Let’s blow this joint

March 8, 2013

NOTE: Images in this archived article have been removed.

I have a confession to make. When we moved into our current house three years ago, we had to sell our clothes dryer due to gas/electric incompatibility (happens every time we move!). So we lived without a dryer for three years, hanging clothes out to dry, and generally being frugal about washing vs. re-wearing clothes. Well, after several weather-induced trips to the laundromat this winter, we (or can I lay this all at my wife’s feet?) finally broke down and bought a used washer/dryer set on Craigslist. We’ll still let the sun dry our clothes 95% of the time, but have other options now.

Image RemovedEven though this little vignette does relate to the common Do the Math theme of low-energy lifestyles, the actual point of bringing it up is that the washer/dryer came from a house that had just been on display as a model for energy efficiency—including the washer and dryer. At the house, we met Jason Beckman, of Classic Residential, Inc., who had carried out many of the efficiency upgrades to the house.
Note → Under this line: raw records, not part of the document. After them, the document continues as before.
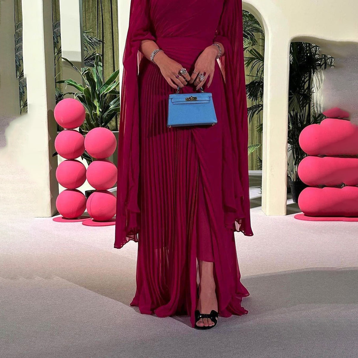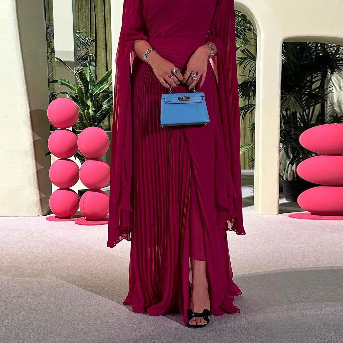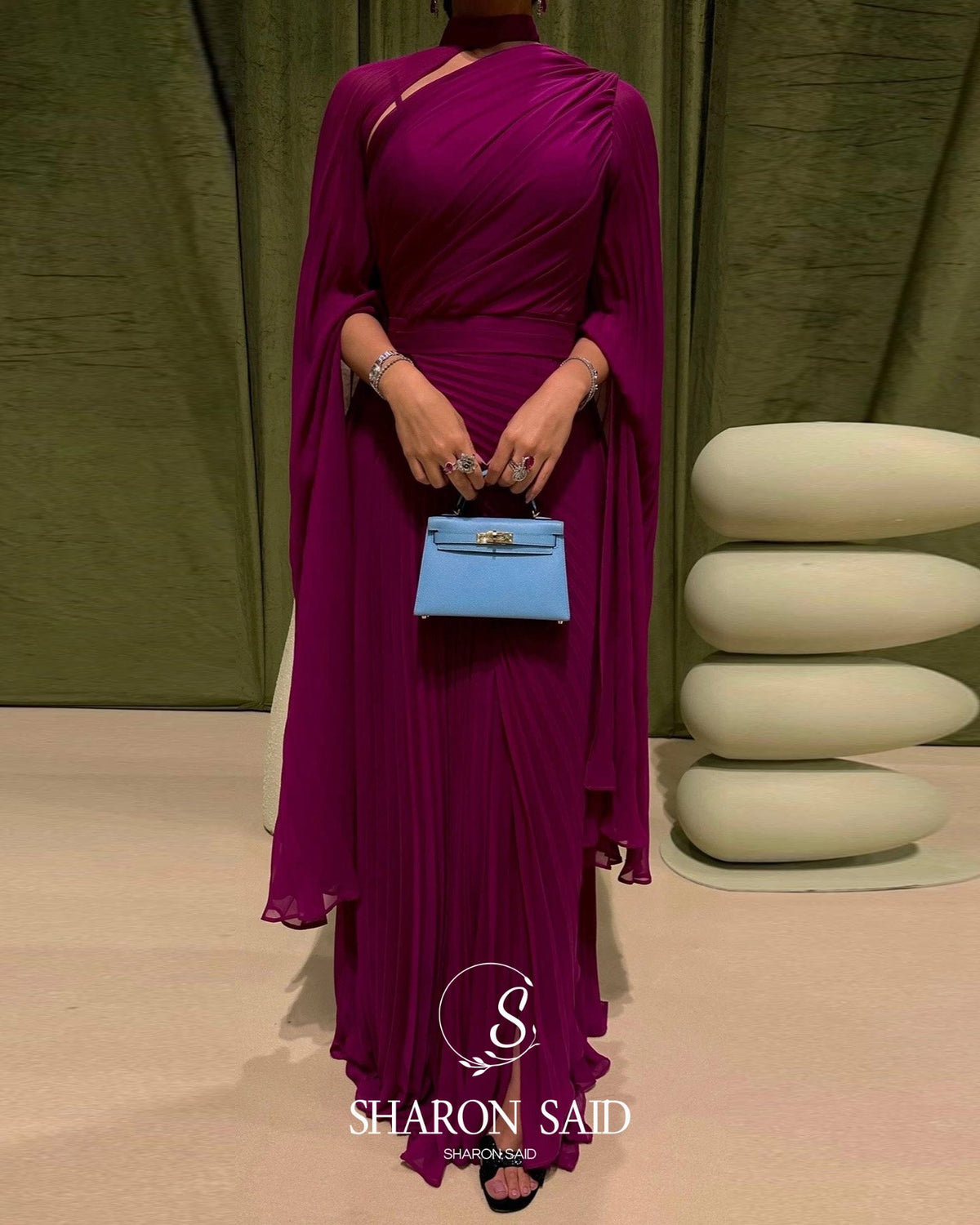 Elegant Purple Mermaid Evening Dress with cap and ruffles SF085
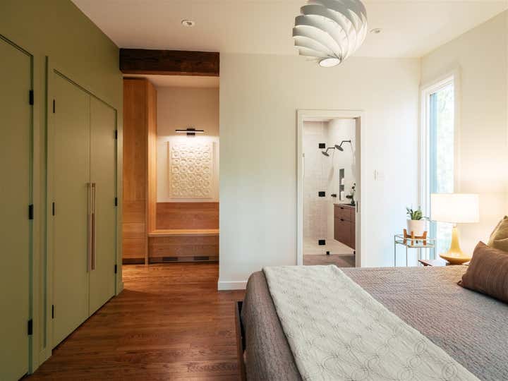about preserving its ethos. The project reconfigured the home’s spatial organization and refreshed the principal living spaces, kitchen, and primary suite, all while respecting the home’s vernacular midcentury form. The
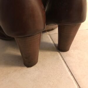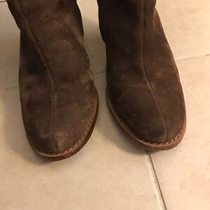 Brown suede and leather UGGs they are in good condition but the back of one of the heels is scuffed up as you see in the picture. Clean these up a little bit and they are fantastic. The inside sole is still fluffy. Inside says US 6 EU 37
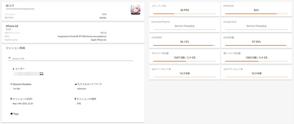 早速「iPhone 13 Pro Max」を使用し、モバイルゲームのフレームレート計測アプリ「GameBench」でゲームの動作を確認してみた。なお、計測時のゲームバージョンは1.0.5。ゲーム内マップの特定シーンで1分間移動を続けた際のフレームレートを計測している。
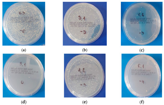 S. aureus colonies on Petri dishes after the adhesion test: (a) sterile water; (b) 40(UDMA); (c) 20(QA8+TMXDI); (d) 40(QA8+TMXDI); (e) 20(QA10+TMXDI); (f) 40(QA10+TMXDI).
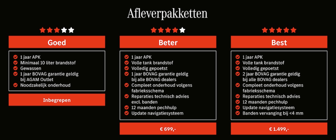 Dit afleverpakket bevat: BOVAG garantie (12 maanden); BOVAG 40-Puntencheck; BOVAG Afleverbeurt; Nieuwe APK; Geldige APK, RDW-leges, Wettelijke garantie
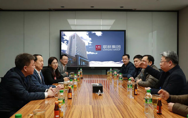 2018年1月18日,韓都衣舍電商集團(tuán)董事長趙迎光一行9人來聯(lián)橋集團(tuán)考察,威海市商務(wù)局局長喬軍、副局長劉繼萍等領(lǐng)導(dǎo)陪同。
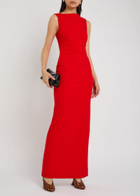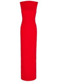 Info & Care Solace London crepe dress Wide-neck, tab across low back, back vent, fully lined Concealed zip fastening at back 95% polyester, 5% elastane Dry clean Size & Fit Length shoulder to hem: 60 inches/ 152.5cm Midweight Slim fit, straight cut Model is 5'10"/ 178cm and wears a size UK8
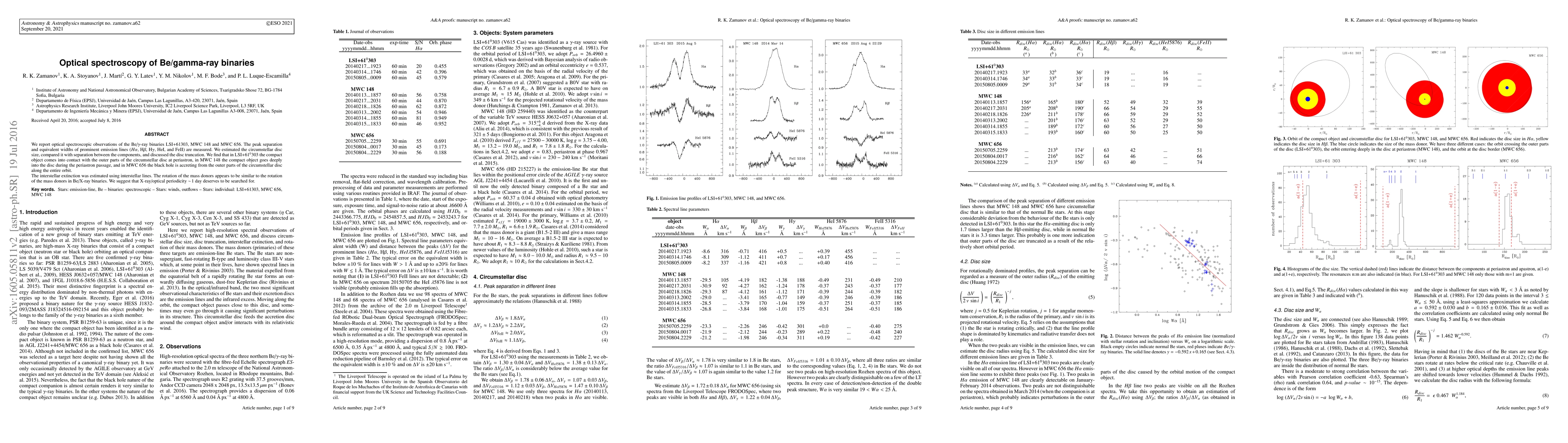 This study uses optical spectroscopy to observe Be/gamma-ray binaries, measuring line separation and equivalent widths to discuss the interaction between compact objects and circumstellar discs. It suggests that X-ray/optical periodicity may be present in these systems.

I thought it would be instructive to have him perform an energy audit at our home—especially a blower door test to expose ventilation issues.

As a bonus, after the nominal audit activities were over, I was able to spend some quality time with the blower door, doing extensive tests in virtually every room in the house. What I found was certainly instructive for me, and hopefully will be useful to a broad audience as well.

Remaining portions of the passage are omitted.